IMO that's their body, their business (we should probably be thankful to all for business I guess), but interestingly HTLV II was found initially in a smattering of places, the West Coast where the Incas were, not really quite north to the Mayas but just about; while HTLV I, maybe 1000 years removed (who knows really though when the two varieties split off) was found on Japanese Islands, and among the Melanesians, and also East Africa, but also in an area of Italy and the Caribbean (I'd surmise Columbus and others brought it to Italy and the Caribbean but I really don't know).

> Fortunately these times are over, thanks to the missioners which

> altruistically spent their lives spreading the light all over the

> planet.

Melanesians seemed to (and seem today to) appreciate Christianity; and they developed something called "Cargo Christianity" as I understand it (their version of Christianity): (but anyway interestingly, according to another source, Pacific Islanders already had a system of adopting "kin" who lived in distant locales and sending to them messages via boat travelers requesting goods not found on their island; so maybe "cargo cults" were partly indigenous, and not such a bad custom; everyone is greedy; and Christianity today has pulled in various customs IMO but I'm not an experton any of this).
> It must be said though that it seems as if countermovements rise

> on the very sphere, a motion that is absolutely inconceivable.

> And it'll possibly be a bit frightening to participate in the

> further developments of events.

> Good to know to be on the right side.

> On the other hand it is quite spirited that Unicode covers the

> language of so many cultures. Even of some that didn't use

> written text on their own, and originally.
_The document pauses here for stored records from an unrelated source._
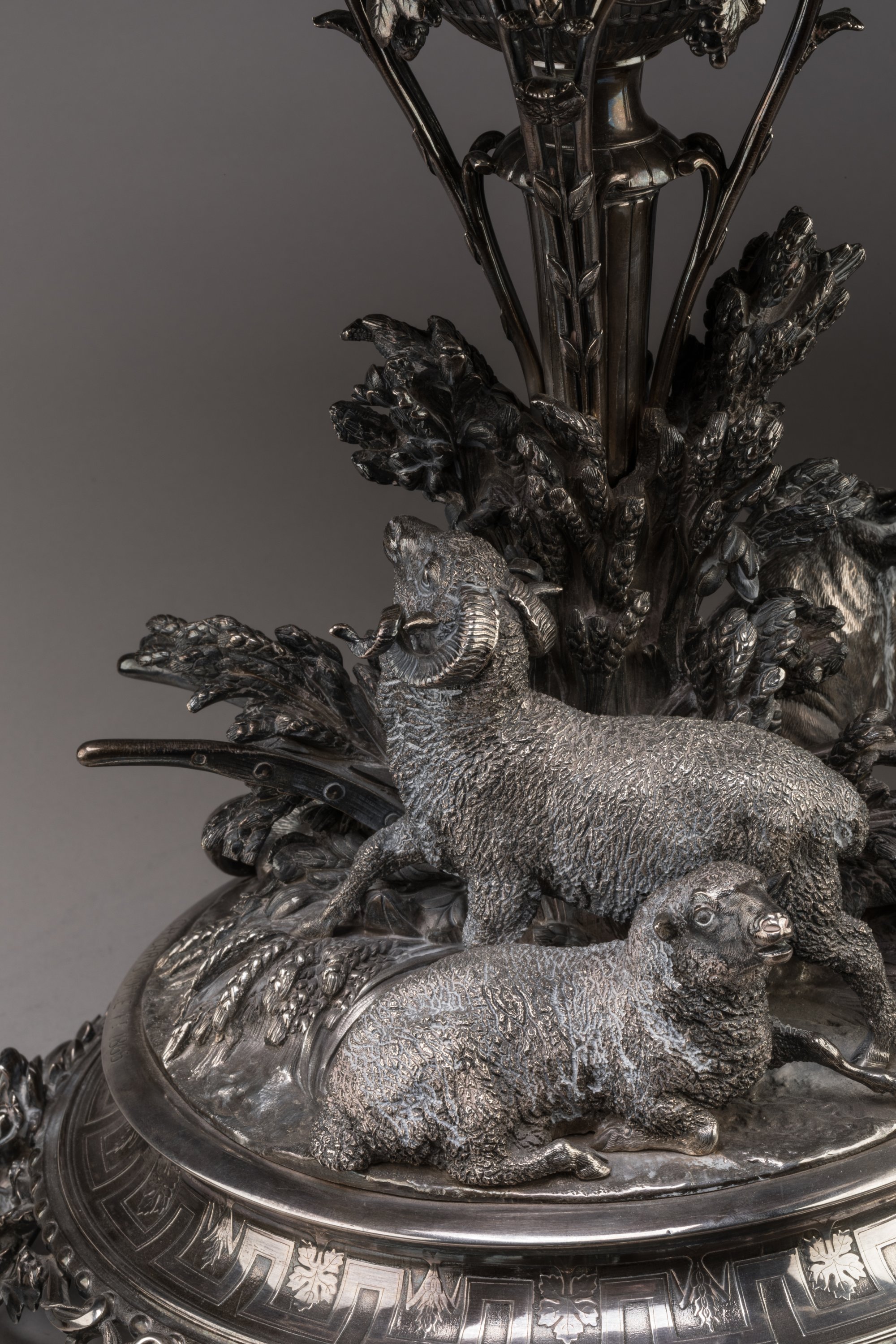 La base circulaire à aile concave moulurée d'oves et au décor crénelé alternant épis de blé et feuilles de vigne, pose sur quatre pieds ajourés de gerbes de feuillages de plantes fourragères: trèfle, lotier, sainfoin, luzerne. Un buf, un bélier, une brebis, une faucille et des gerbes de plantes fourragères y sont représentés en ronde-bosse.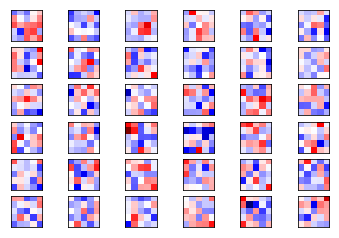 Ahora mostramos los imágenes de los pesos de los filtros en la primera capa de convolución de la red (rojo para valores positivos y azules para valores negativos):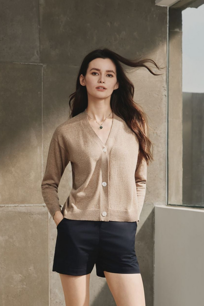 Cotton V-Neck Cardigan, Taupe -

O.k. but the Mayans did have writings (not to mention delicious chocolate); though our ideas today of what a "written text" is and what its purpose is and the ideas of the Mayans might differ a bit (and even Europeans in the 17th century had different ideas about the uses of texts than we do today and computers are changing still further what texts do for us; ideas vary from person to person and culture to culture; I like Shirley Brice Heath (ed)'s "Exploring Orality and Literacy" and also Heath's (author this time only) "Ways With Words" on this. Miztec codices, incidentally, as I understand it, are still found today in the public sphere in Mexico, in offices of officials; they are deemed important today -- what they represent is the story of the land and the peoples who have come there so I suppose that means today's officials, in spite of prejudice against "Indians," in some way trace their genealogies to the genealogies shown on the codices (but this is just my guess; any other ideas as to why these codices show up in town halls? just local history?); also I love the story of Felipe Guaman Poma de Alaya though I do find him a bit sexist since he saw the natural order was having men rule over women; and so when he depicted the world's having turned upside down he showed the loss of male rule over women:
But we are getting off topic for this list. Happy New Year.


--C. E. Whitehead

> As a matter of fact sometimes something similar to what can be

> called a face shines through.

Rare events can be savoured much more intense.